When incentives are misaligned, things that "don't make sense" from your point of view happen more frequently. If you have a car accident, from your perspective this is exactly why you bought insurance. From the insurance companies perspective, they would like to keep you as a customer in the future if the cost of fixing this accident is low enough1. If the cost is higher though... they'd rather make it as difficult as possible for you to get a pay out.

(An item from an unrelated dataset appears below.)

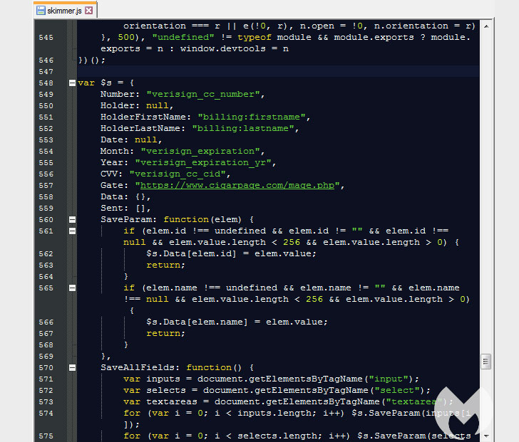 This favicon loaded from the homoglyph domain was subsequently used to inject the Inter JavaScript skimmer that captures the information entered on a payment page and exfiltrates the details to the same domain used to host the malicious favicon file.

My recent experience with this was that I rented a car from a company I won't name here. Most of the experience went well, which seems to be hard to come by for rental car companies. Except, I forgot my GPS in the car. Since it is clear that the GPS would have been found on cleaning the car, I reported a lost item, and the value of a GPS is pretty low by comparison to any future rentals, you might expect that it would have been returned. However, their are four players in this situation. Me, the car rental company, the specific rental location, and the person actually cleaning the car. It clearly benefits me to get my GPS back. It benefits the car company if I choose to use them again. It benefits the specific rental location considerably less than HQ in expectation. And it benefits the person cleaning the car to have a bonus GPS unless there are negative repercussions to them.

In short, a new GPS is purchased and on the way to me. I don't plan on using this rental company again, but I much more strongly don't plan to forget things in the car next time.



1 The benefit of you staying a customer also includes any word-of-mouth generated by how the incident is handled.